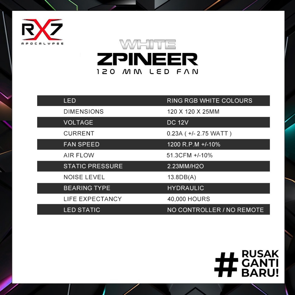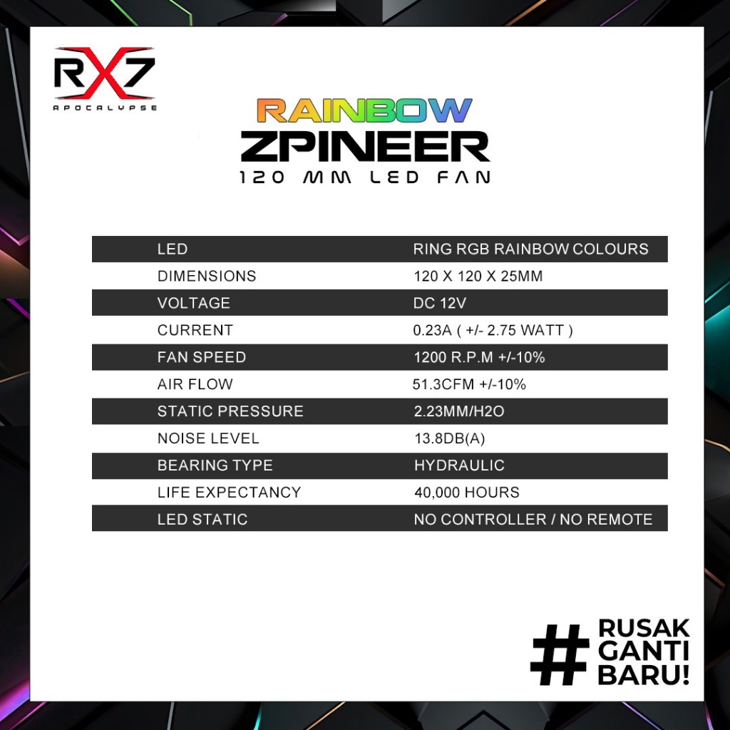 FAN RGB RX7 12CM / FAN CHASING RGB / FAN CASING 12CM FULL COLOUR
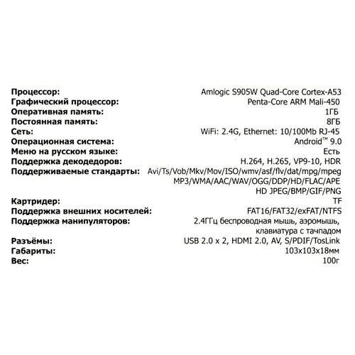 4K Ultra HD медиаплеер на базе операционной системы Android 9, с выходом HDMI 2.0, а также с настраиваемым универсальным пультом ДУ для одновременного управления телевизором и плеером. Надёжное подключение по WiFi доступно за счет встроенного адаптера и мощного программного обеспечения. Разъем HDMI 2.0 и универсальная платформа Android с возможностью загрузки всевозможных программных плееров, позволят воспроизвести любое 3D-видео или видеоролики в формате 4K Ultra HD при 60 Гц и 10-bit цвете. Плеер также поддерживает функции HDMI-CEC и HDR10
...
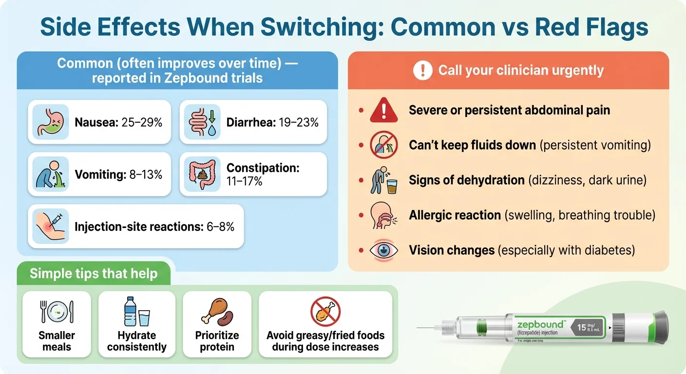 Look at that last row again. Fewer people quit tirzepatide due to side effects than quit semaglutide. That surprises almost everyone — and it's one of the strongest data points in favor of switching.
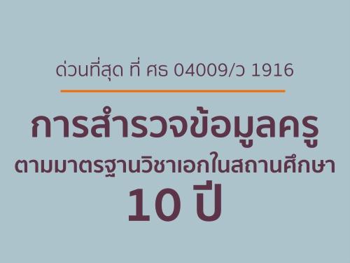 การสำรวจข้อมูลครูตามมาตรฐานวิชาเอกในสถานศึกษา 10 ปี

◆ **EXERCISE**
The lines to reproduce run from the one above containing "FAN RGB RX7" through the one containing "4K Ultra HD медиаплеер". Copy them exactly and leave out all pictures.

◆ **ANSWER SPACE**
 FAN RGB RX7 12CM / FAN CHASING RGB / FAN CASING 12CM FULL COLOUR
 4K Ultra HD медиаплеер на базе операционной системы Android 9, с выходом HDMI 2.0, а также с настраиваемым универсальным пультом ДУ для одновременного управления телевизором и плеером. Надёжное подключение по WiFi доступно за счет встроенного адаптера и мощного программного обеспечения. Разъем HDMI 2.0 и универсальная платформа Android с возможностью загрузки всевозможных программных плееров, позволят воспроизвести любое 3D-видео или видеоролики в формате 4K Ultra HD при 60 Гц и 10-bit цвете. Плеер также поддерживает функции HDMI-CEC и HDR10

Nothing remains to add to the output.